DATA TO PROCESS START
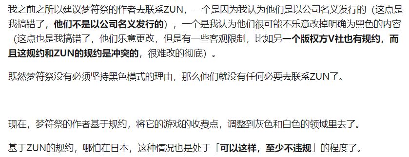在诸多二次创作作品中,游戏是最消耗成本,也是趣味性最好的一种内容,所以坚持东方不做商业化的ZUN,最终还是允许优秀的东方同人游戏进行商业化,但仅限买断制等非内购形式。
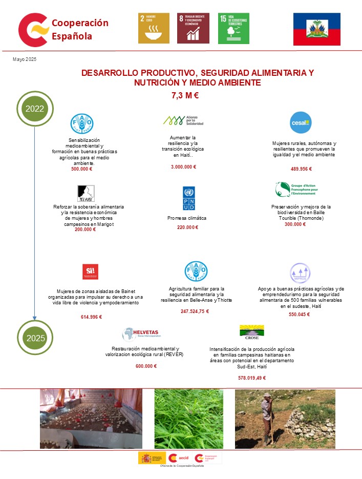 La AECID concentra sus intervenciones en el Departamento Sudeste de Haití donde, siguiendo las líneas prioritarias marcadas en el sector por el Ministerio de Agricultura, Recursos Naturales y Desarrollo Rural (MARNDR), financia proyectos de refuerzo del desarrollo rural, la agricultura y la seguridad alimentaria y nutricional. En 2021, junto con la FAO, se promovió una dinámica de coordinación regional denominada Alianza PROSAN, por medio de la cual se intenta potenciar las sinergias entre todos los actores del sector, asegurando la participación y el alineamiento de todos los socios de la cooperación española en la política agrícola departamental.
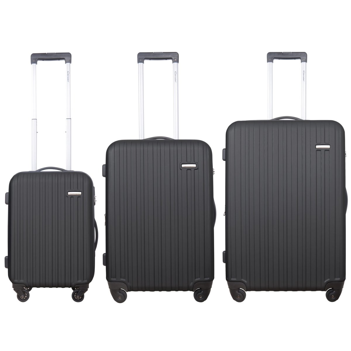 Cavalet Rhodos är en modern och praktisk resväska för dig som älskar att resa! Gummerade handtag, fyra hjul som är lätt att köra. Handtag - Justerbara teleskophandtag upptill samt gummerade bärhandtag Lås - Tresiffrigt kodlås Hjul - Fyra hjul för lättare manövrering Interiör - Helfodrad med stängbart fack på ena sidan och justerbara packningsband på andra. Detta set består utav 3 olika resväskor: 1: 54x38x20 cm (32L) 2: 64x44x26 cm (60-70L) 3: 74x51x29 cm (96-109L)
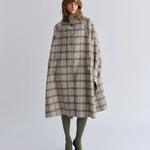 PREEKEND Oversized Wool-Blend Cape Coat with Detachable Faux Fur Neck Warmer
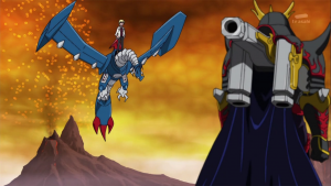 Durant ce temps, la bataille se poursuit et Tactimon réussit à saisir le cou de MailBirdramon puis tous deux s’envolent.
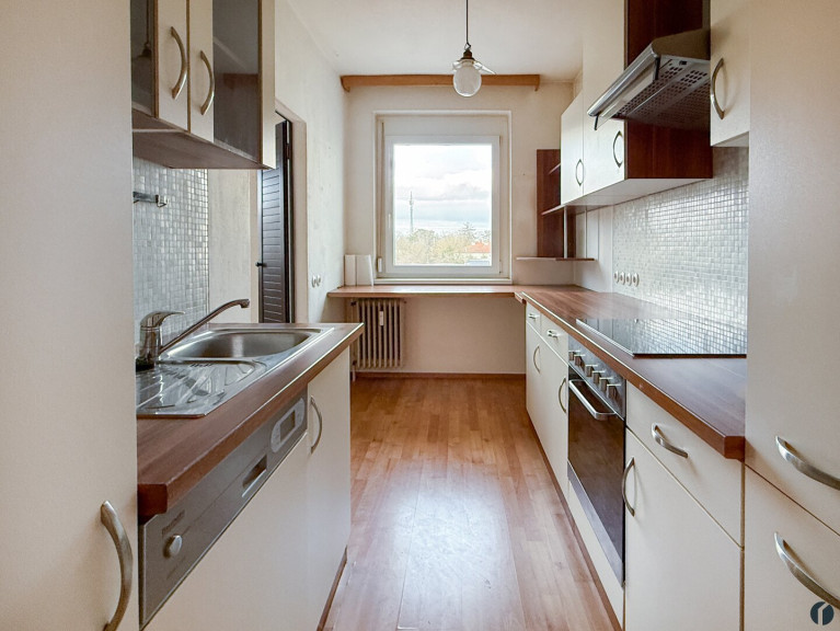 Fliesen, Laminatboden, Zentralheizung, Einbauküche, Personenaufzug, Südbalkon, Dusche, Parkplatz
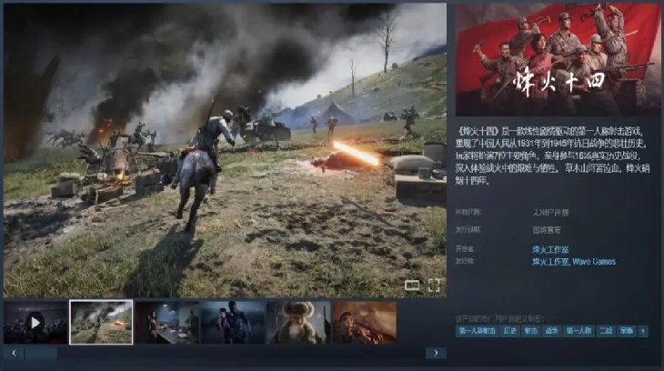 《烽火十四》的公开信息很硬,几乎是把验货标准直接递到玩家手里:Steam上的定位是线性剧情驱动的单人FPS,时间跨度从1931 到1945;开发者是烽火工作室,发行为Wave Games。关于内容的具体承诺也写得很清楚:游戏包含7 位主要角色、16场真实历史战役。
DATA TO PROCESS END
DATA TO PROCESS START
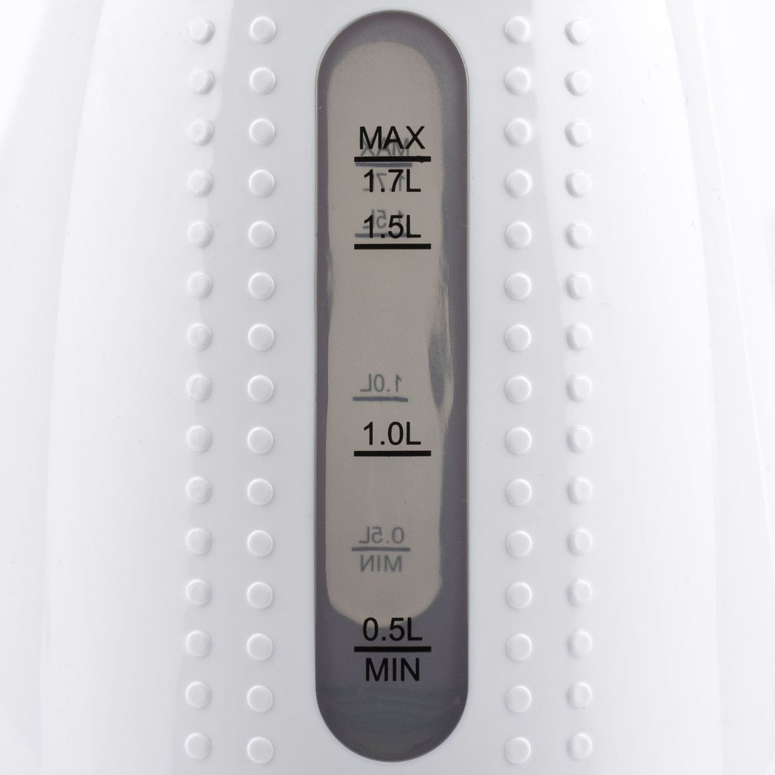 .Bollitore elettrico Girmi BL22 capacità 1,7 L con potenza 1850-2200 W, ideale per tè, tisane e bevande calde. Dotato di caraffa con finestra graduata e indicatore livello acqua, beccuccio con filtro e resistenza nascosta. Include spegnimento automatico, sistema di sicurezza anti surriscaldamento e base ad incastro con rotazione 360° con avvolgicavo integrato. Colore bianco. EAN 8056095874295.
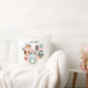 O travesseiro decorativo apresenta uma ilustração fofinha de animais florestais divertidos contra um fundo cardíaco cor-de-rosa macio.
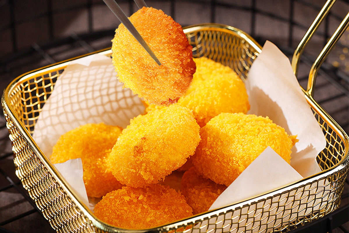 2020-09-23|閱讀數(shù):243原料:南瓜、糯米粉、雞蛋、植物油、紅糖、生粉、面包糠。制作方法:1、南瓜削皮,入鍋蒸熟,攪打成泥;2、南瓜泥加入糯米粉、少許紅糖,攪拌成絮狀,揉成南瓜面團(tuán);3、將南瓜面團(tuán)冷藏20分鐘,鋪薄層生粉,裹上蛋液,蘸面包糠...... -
DATA TO PROCESS END
DATA TO PROCESS START
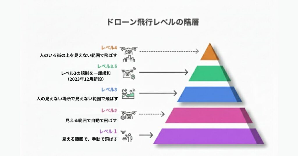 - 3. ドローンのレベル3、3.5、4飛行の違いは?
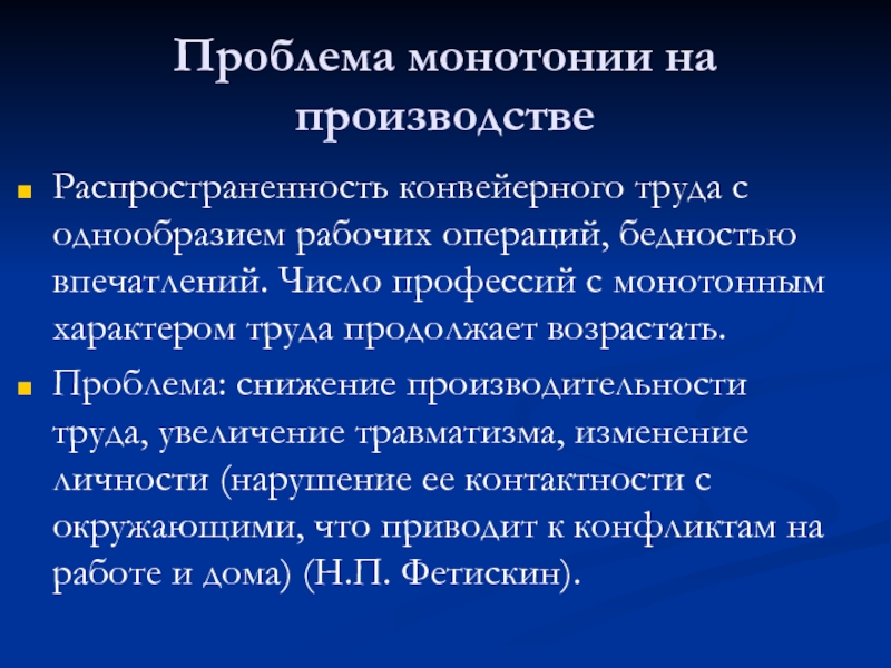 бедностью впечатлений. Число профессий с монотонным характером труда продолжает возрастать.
DATA TO PROCESS END
YOUR GOAL | Copy only the lines above from the one containing "- 3. ドローンのレベル3、3.5、4飛行の違いは?" through the one containing "бедностью впечатлений. Число", both included. Leave out the pictures.

ANSWER AREA |
 - 3. ドローンのレベル3、3.5、4飛行の違いは?
 бедностью впечатлений. Число профессий с монотонным характером труда продолжает возрастать.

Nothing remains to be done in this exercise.